## Task directions
Print exactly the lines that run from the first line of the material to the line containing "Vanilla whey protein", both ends included, and skip the pictures.

--- START ---

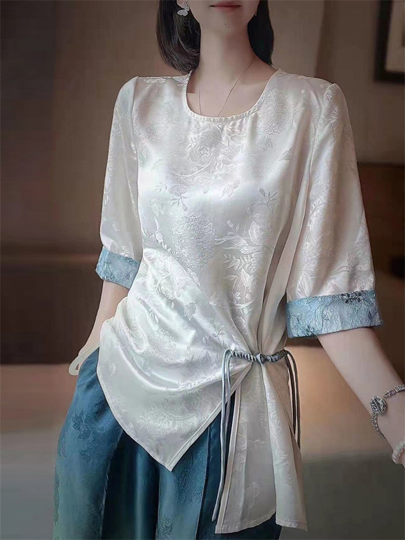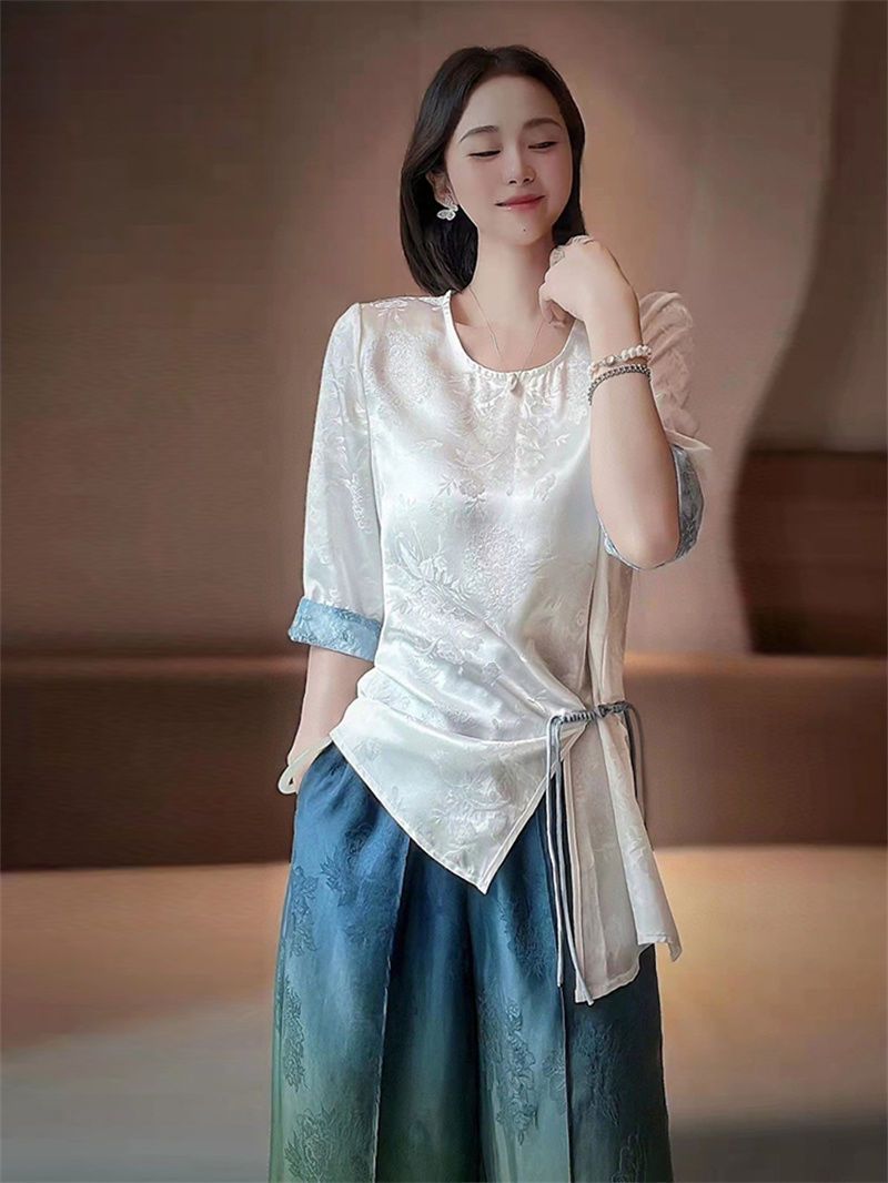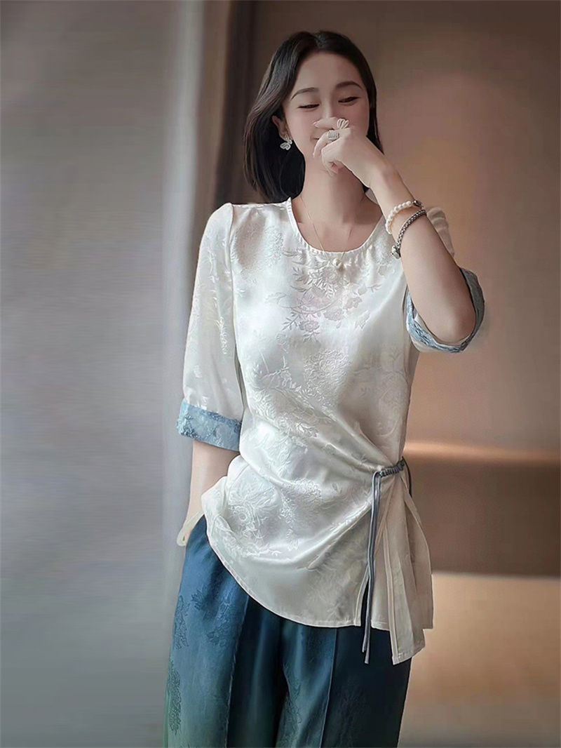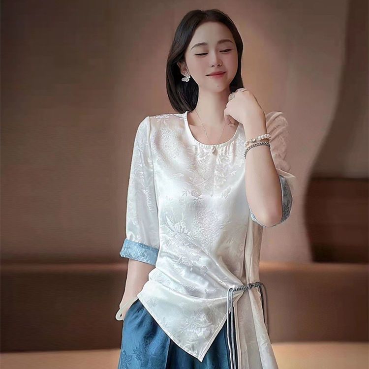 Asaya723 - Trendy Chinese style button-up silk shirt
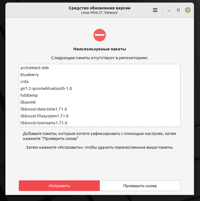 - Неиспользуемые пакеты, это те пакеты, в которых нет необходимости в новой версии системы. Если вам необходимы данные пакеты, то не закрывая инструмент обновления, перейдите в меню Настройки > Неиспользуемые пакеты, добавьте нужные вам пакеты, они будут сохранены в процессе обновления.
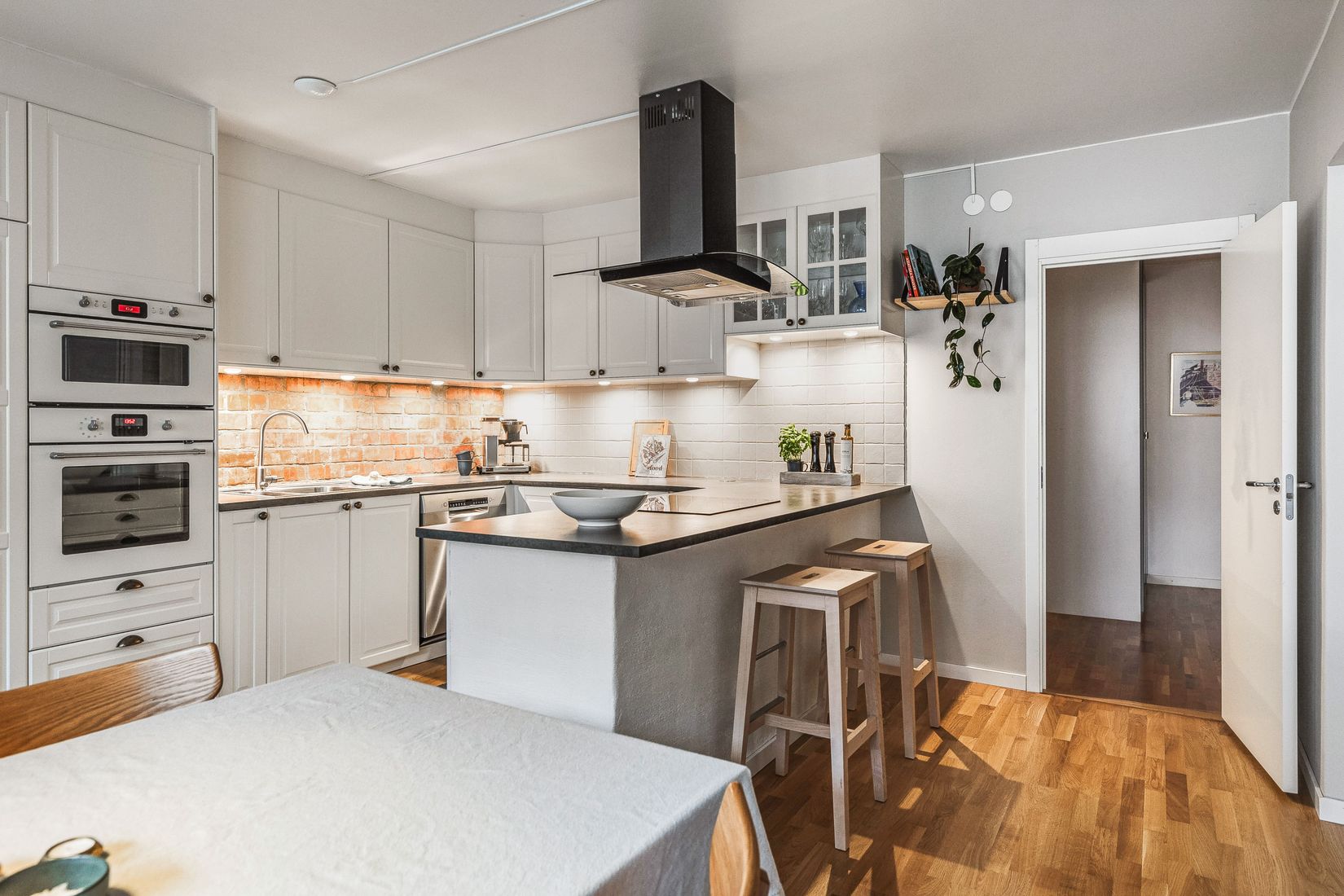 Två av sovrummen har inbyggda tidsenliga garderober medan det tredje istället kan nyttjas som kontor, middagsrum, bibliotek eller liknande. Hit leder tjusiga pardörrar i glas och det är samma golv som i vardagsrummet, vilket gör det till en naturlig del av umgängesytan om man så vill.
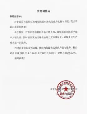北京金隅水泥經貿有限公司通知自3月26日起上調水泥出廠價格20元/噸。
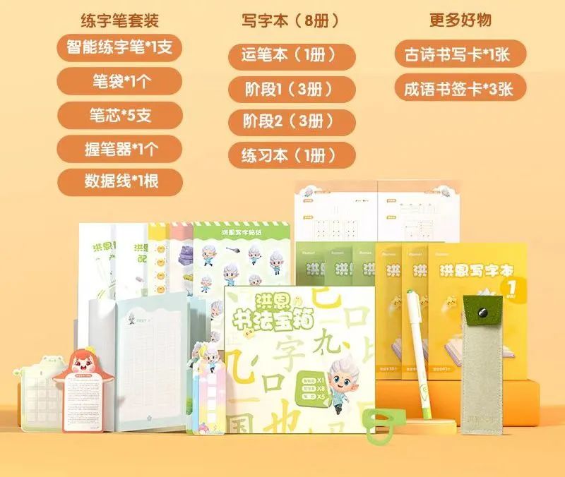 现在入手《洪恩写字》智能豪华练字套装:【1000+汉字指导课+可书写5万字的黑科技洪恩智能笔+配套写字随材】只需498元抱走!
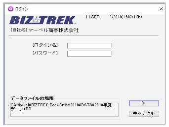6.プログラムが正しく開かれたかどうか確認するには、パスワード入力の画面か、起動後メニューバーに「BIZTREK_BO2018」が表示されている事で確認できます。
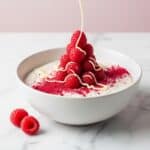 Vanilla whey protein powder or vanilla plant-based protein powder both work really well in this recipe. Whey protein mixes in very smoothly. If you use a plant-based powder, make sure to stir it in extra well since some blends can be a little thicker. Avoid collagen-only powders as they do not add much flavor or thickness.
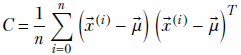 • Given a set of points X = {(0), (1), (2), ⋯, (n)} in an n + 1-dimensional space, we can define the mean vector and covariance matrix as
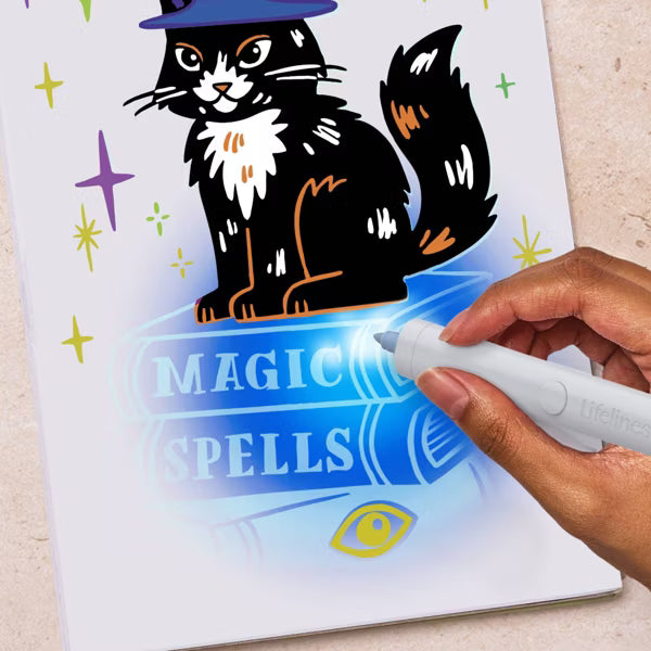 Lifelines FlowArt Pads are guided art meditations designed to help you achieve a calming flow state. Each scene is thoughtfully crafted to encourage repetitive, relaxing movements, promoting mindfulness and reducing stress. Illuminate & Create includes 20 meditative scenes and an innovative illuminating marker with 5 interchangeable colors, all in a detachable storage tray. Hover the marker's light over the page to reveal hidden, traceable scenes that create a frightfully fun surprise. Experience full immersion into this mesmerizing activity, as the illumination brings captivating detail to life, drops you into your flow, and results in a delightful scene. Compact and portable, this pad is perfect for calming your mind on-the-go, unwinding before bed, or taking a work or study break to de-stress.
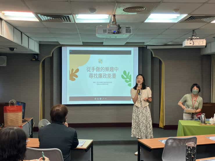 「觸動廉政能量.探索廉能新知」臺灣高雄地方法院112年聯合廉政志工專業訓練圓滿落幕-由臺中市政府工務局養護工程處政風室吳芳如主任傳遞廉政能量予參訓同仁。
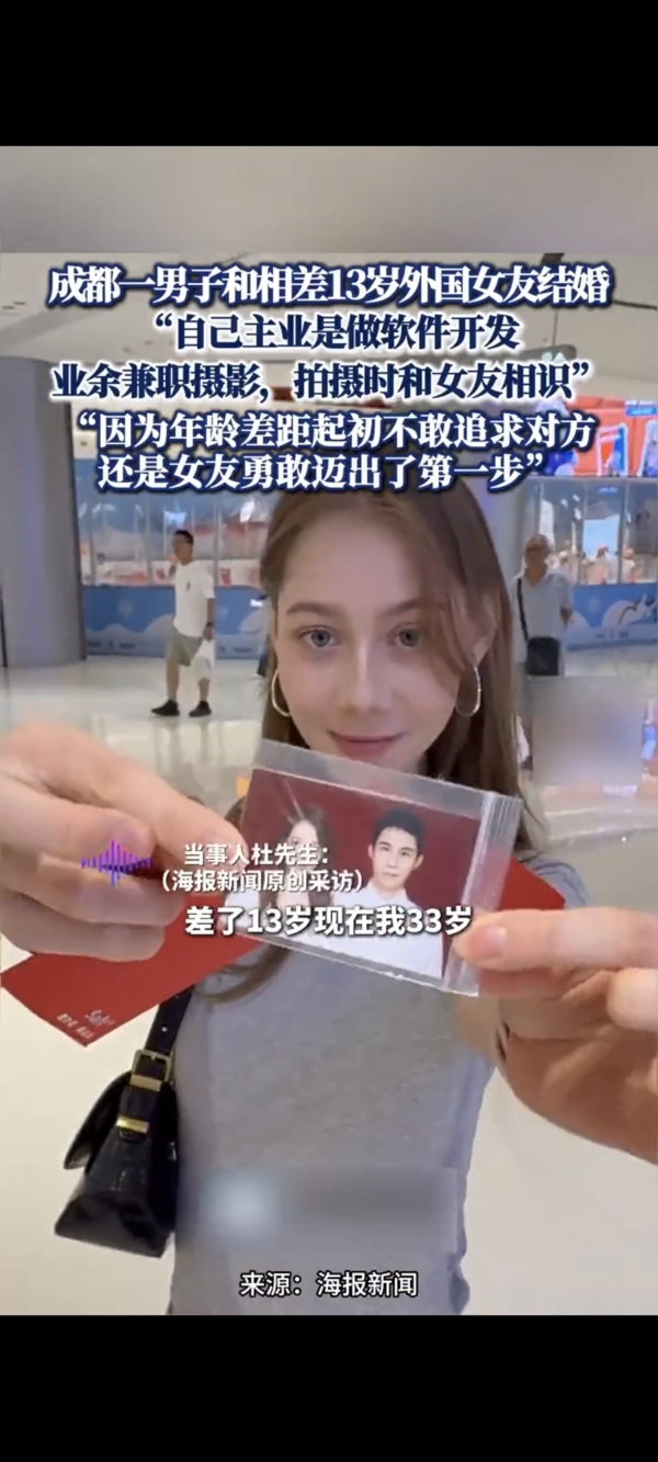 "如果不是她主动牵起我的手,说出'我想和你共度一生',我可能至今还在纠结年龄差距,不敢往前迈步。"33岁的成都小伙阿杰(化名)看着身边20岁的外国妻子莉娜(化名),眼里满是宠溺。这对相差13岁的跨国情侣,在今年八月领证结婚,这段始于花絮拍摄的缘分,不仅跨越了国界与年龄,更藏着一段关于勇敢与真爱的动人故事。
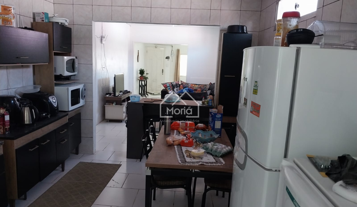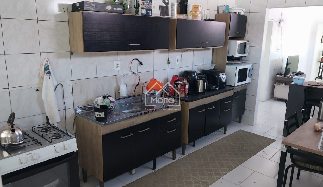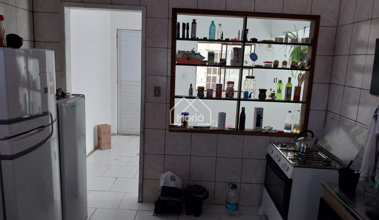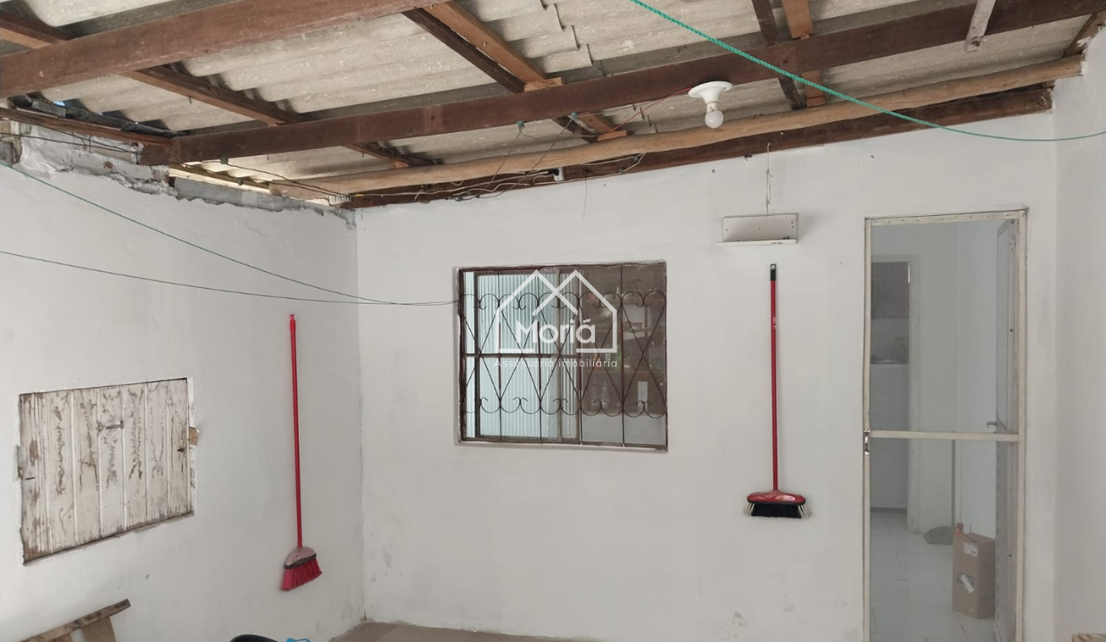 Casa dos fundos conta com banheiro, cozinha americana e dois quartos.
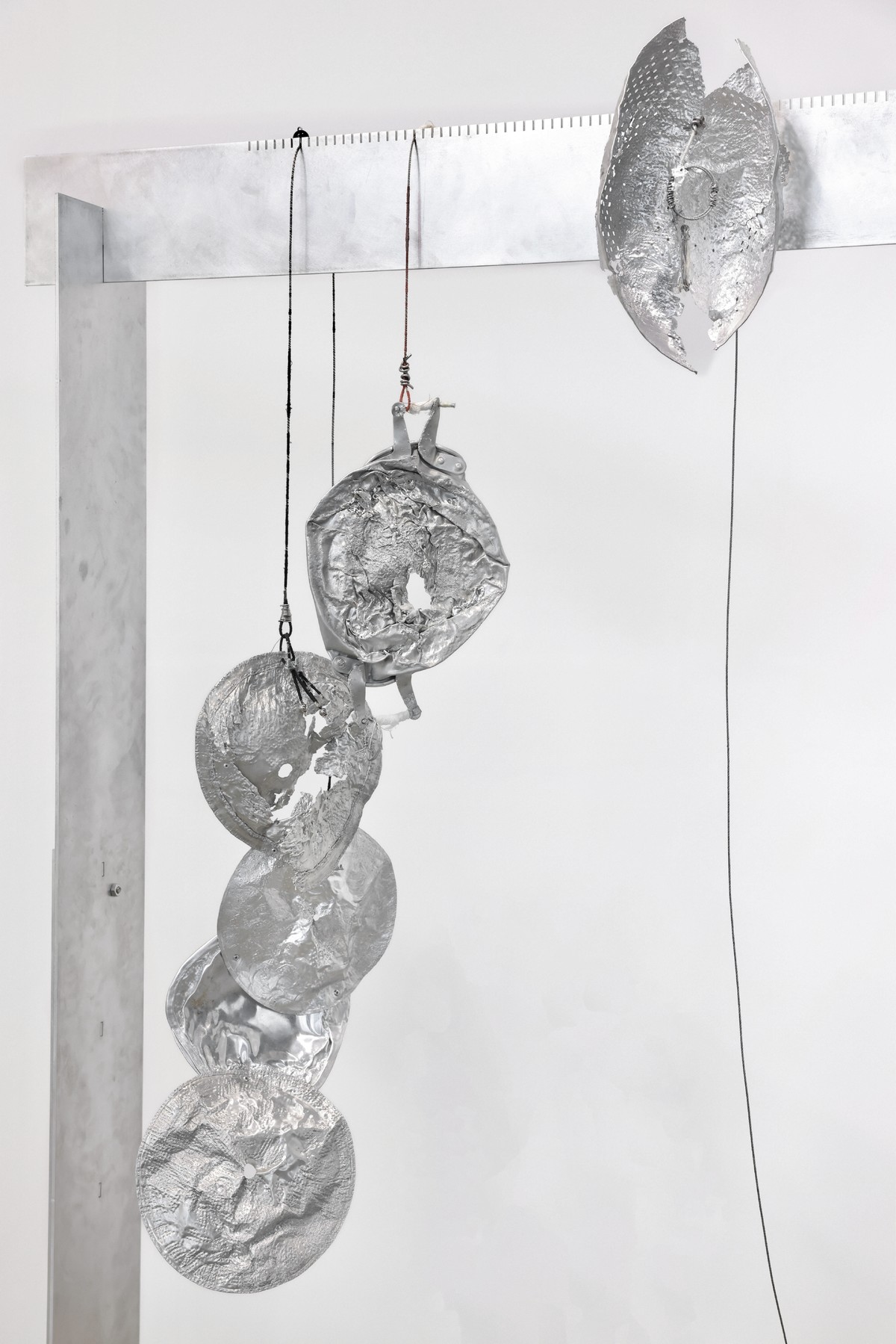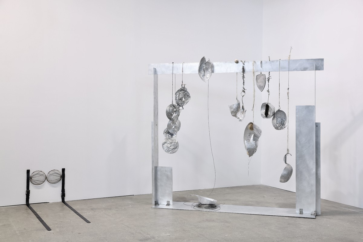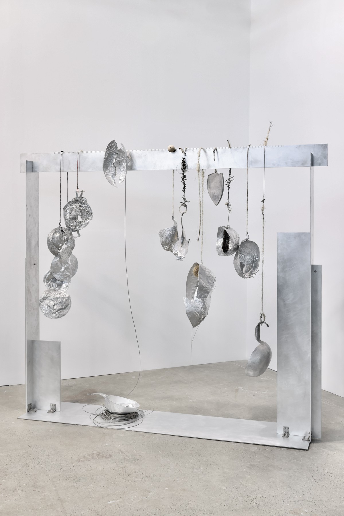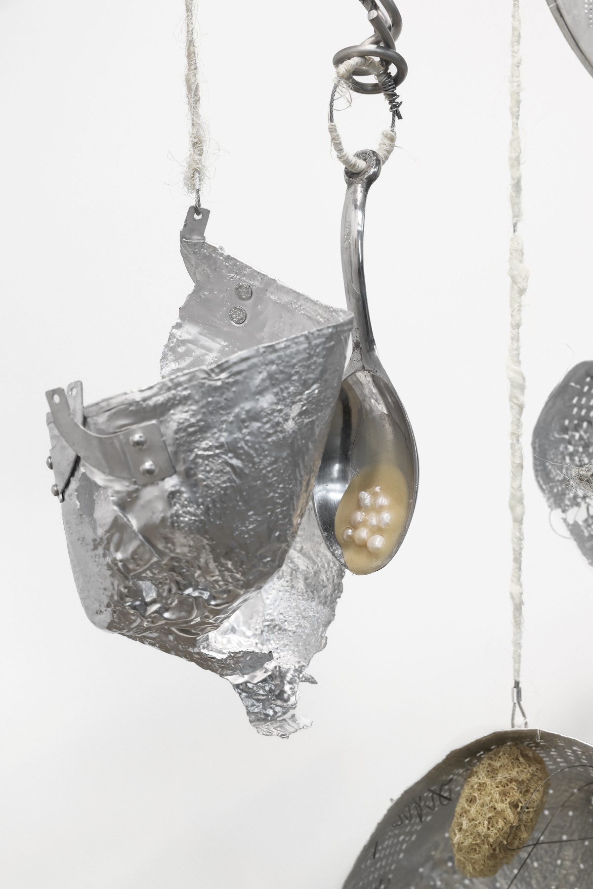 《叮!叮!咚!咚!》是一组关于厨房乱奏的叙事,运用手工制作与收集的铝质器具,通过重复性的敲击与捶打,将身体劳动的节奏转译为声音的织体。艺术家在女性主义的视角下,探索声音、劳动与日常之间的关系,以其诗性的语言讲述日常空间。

--- END ---

## Output for this exercise
 Asaya723 - Trendy Chinese style button-up silk shirt
 - Неиспользуемые пакеты, это те пакеты, в которых нет необходимости в новой версии системы. Если вам необходимы данные пакеты, то не закрывая инструмент обновления, перейдите в меню Настройки > Неиспользуемые пакеты, добавьте нужные вам пакеты, они будут сохранены в процессе обновления.
 Två av sovrummen har inbyggda tidsenliga garderober medan det tredje istället kan nyttjas som kontor, middagsrum, bibliotek eller liknande. Hit leder tjusiga pardörrar i glas och det är samma golv som i vardagsrummet, vilket gör det till en naturlig del av umgängesytan om man så vill.
北京金隅水泥經貿有限公司通知自3月26日起上調水泥出廠價格20元/噸。
 现在入手《洪恩写字》智能豪华练字套装:【1000+汉字指导课+可书写5万字的黑科技洪恩智能笔+配套写字随材】只需498元抱走!
6.プログラムが正しく開かれたかどうか確認するには、パスワード入力の画面か、起動後メニューバーに「BIZTREK_BO2018」が表示されている事で確認できます。
 Vanilla whey protein powder or vanilla plant-based protein powder both work really well in this recipe. Whey protein mixes in very smoothly. If you use a plant-based powder, make sure to stir it in extra well since some blends can be a little thicker. Avoid collagen-only powders as they do not add much flavor or thickness.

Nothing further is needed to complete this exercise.